Programmer : CloudView Programmer : Customizing CloudView : Customizing Document Analysis
 
Customizing Document Analysis
 
What Can a Document Processor Do?
Write Custom Document Processors Inline
Add a Custom Document Processor to Your Analysis Pipeline
Exalead CloudView is delivered with a vast number of document processors that can alter documents in analysis pipelines. By assembling these processors, most analysis tasks can be performed. However, for advanced and custom operations, it is often required or more convenient to write custom document processors.
A custom document is a Java class extending the com.exalead.pdoc.analysis.CustomDocumentProcessor class. It manipulates the document as a com.exalead.pdoc.ProcessableDocument object.
Note: For functional details on document processors, see the Exalead CloudView Configuration Guide .
What Can a Document Processor Do?
Write Custom Document Processors Inline
Add a Custom Document Processor to Your Analysis Pipeline
What Can a Document Processor Do?
A document processor can:
Modify, create, or remove document metas.

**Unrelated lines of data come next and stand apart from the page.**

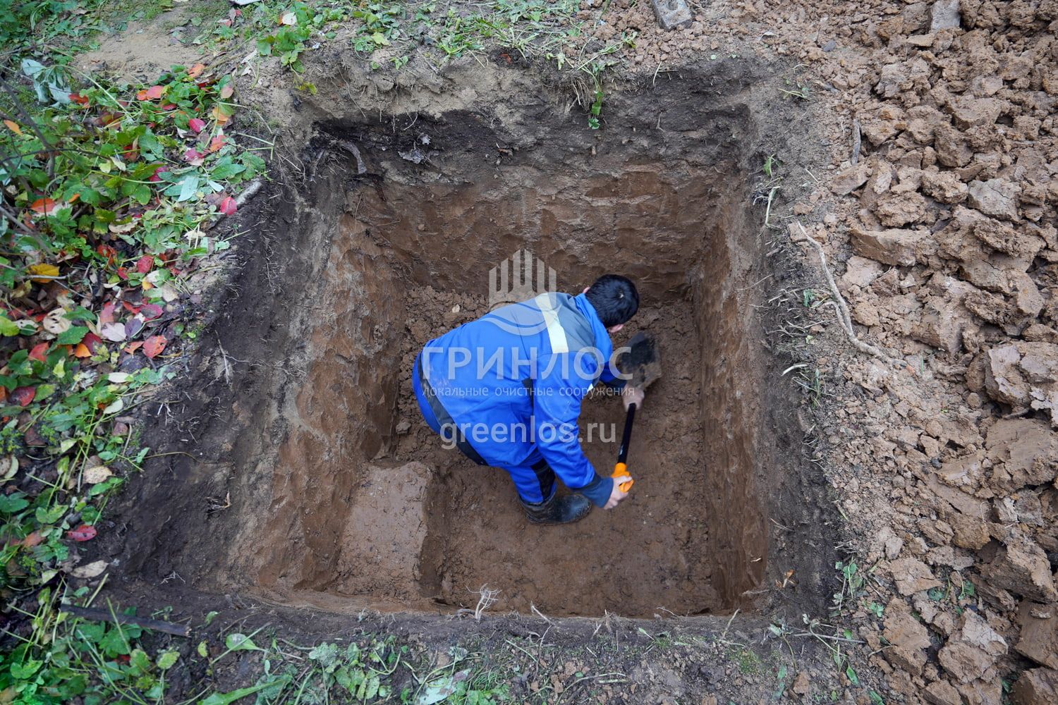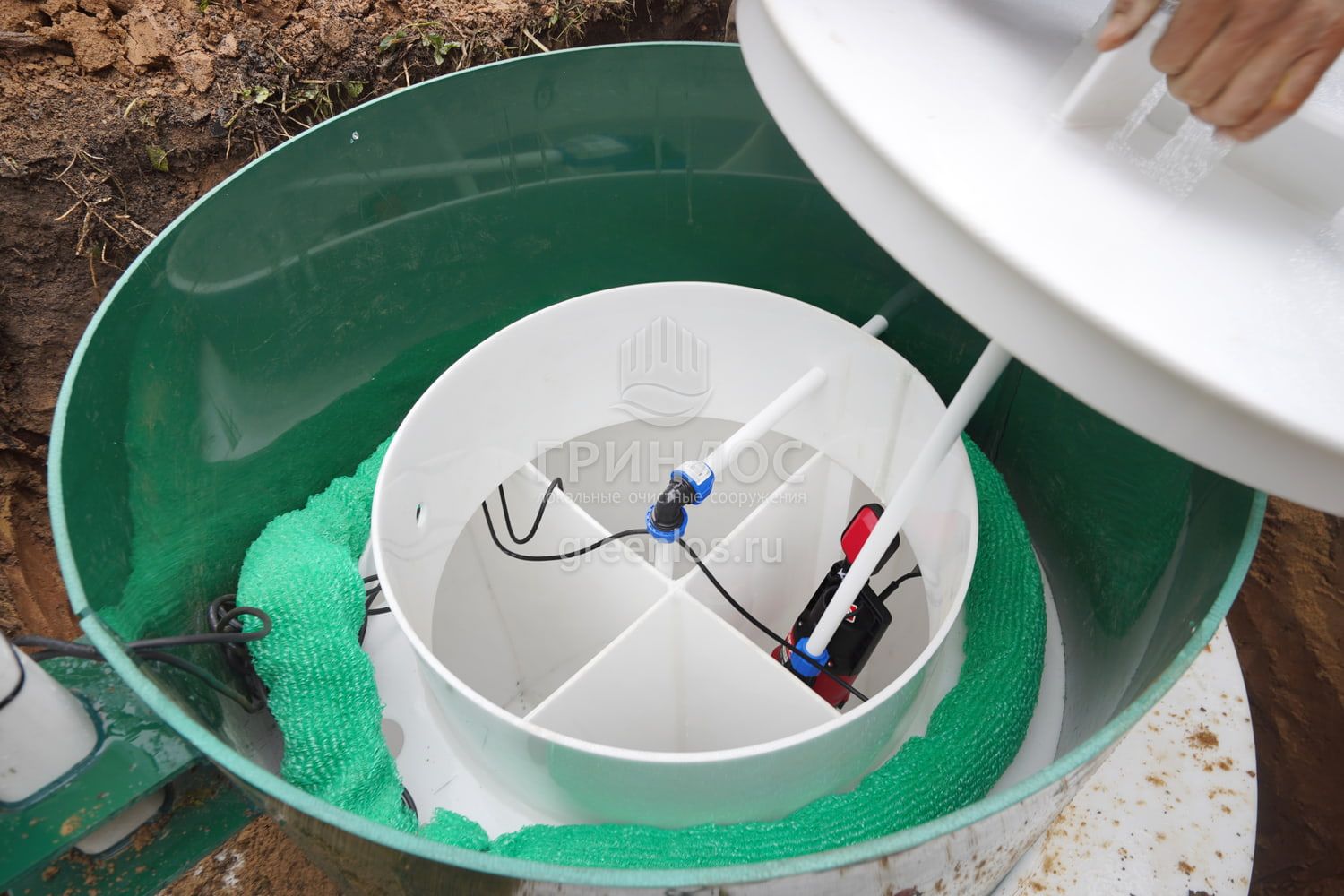 Доставка септика ГРИНЛОС Аква 3 Пр на загородный участок заказчика. Выбор места для установки. Подготовка котлована и траншей, установка септика, прокладка трубопровода, засыпка септика и труб песком. Для проверки работы системы был выполнен пробный запуск оборудования.
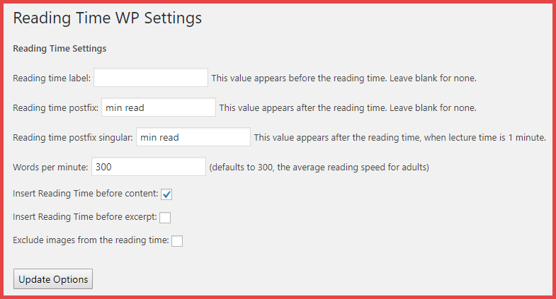 De igual forma, podrás decidir si deseas insertar el tiempo de lectura en tu contenido y resumen. Simplemente marca / desmarca las opciones que desees y no olvides guardar los cambios haciendo clic en el botón 'Actualizar opciones'.
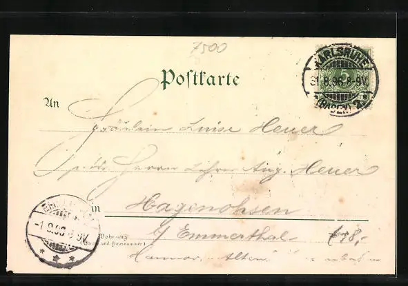 Personenbezogene Daten auf der Rückseite der Karte wurden durch blauen Textmarker unkenntlich gemacht. Die blauen Stellen sind auf die Vorderseite durchgeweicht und wirken sich negativ auf das Postkartenfoto aus
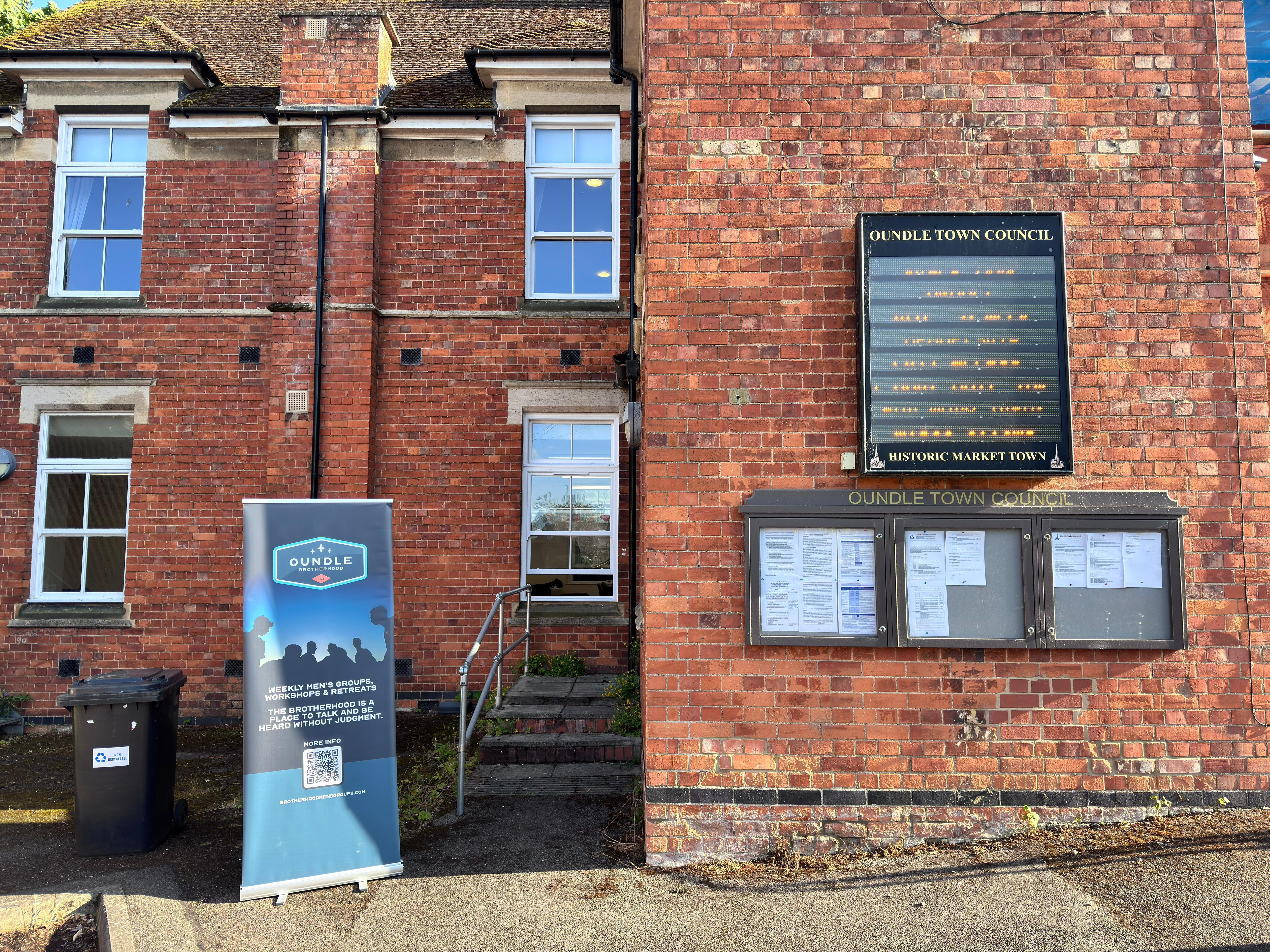 Oundle Brotherhood meet at Fletton House. As you face the building from the car park, you'll see the entrance to our room on the left. Sometimes, if the side door isn't open, go through the main entrance and turn left.
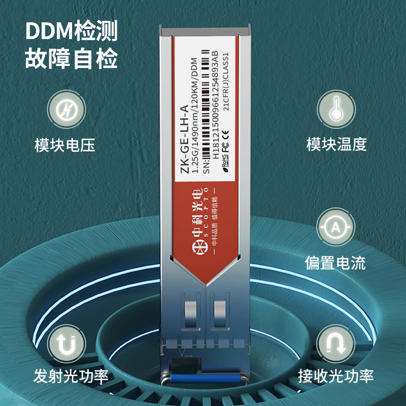 中科光電 千兆光模塊 SFP光模塊 1.25G單模光模塊 單模單纖 1490nm,120KM,LC接口一只A端ZK-GE-LH-A
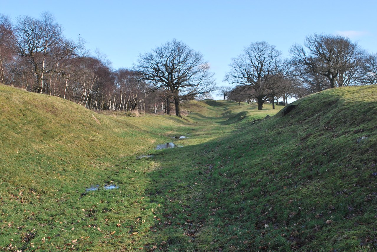 This causeway across the ditch leads into Rough Castle Fort, one of the smallest but bestpreserved of the forts along the wall.
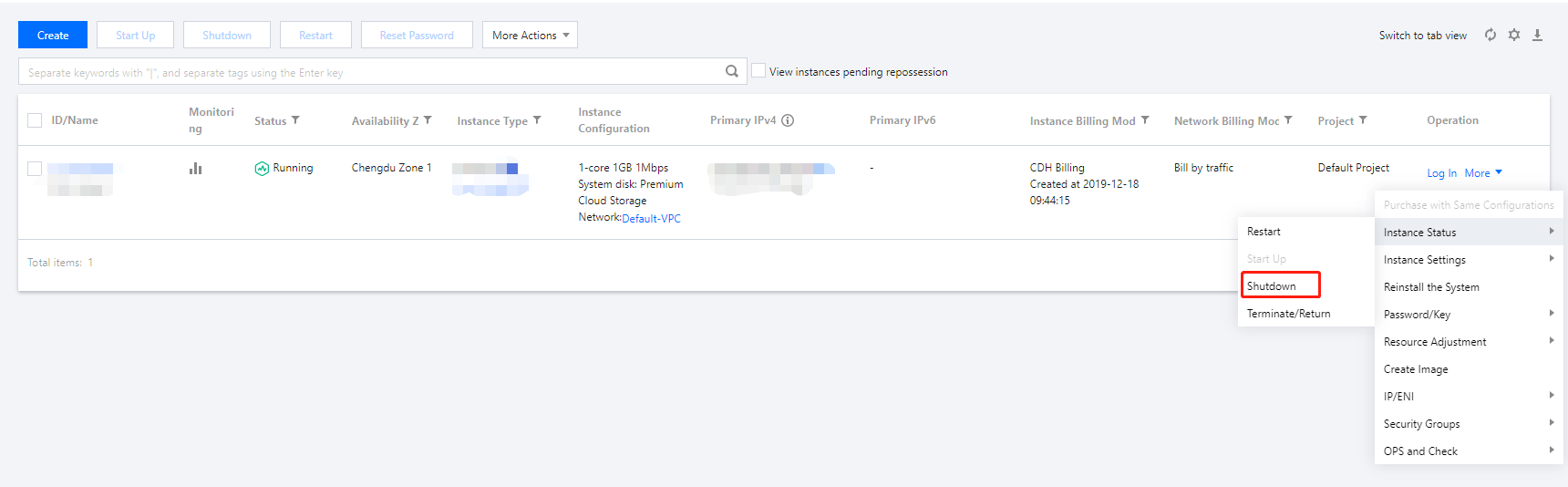 タブビュー:下図のように、シャットダウンしたいインスタンスのページで、画面の右上隅にあるその他の操作>インスタンスの状態>シャットダウンをクリックします。

Modify, create, or remove document parts.
Discard a document: ignore it, or delete it from the index.
A document processor cannot:
Modify the URI or stamp of a document.
Create new documents.
Samples
Several samples of document processors are available in the Exalead CloudView kit, in <INSTALLDIR>/sdk/java-customcode/samples/document-processors.
You can build the samples using Apache Ant. This creates a plugin zip file that you can install in Exalead CloudView.
Debugging
The process() method of the CustomDocumentProcessor receives a DocumentProcessingContext argument. Use the DocumentProcessingContext method to report any error or warning with the document. This ensures that all error context is adequately captured for efficient debugging.
Write Custom Document Processors Inline
You can write document processors directly in the Administration Console, using the integrated code editor.
1. Open the Administration Console at http://<HOSTNAME>:<BASEPORT+1>/admin.
2. Go to Index > Data Processing > Pipeline name > Document Processors.
3. Expand Custom and drag a Java Document Processor to the Current processors panel.
4. Select Inline Java, click Edit java.
5. Click Check source code to verify that the code compiles correctly.
6. Click Accept and then Apply.
Your custom document processor is now active.
Add a Custom Document Processor to Your Analysis Pipeline
Once you have developed your custom document processor, you can add it to your document analysis pipeline in the Administration Console.
Package and upload the plugin containing your document processor.
1. Open the Administration Console at http://<HOSTNAME>:<BASEPORT+1>/admin.
2. Go to Index > Data Processing > Pipeline name > Document Processors.
3. Expand Custom and drag a Custom Document Processor to the Current processors panel.
4. Fill in the Class id (available document processors are suggested automatically).
5. If there is additional configuration for the processor, you can fill in the configuration keys.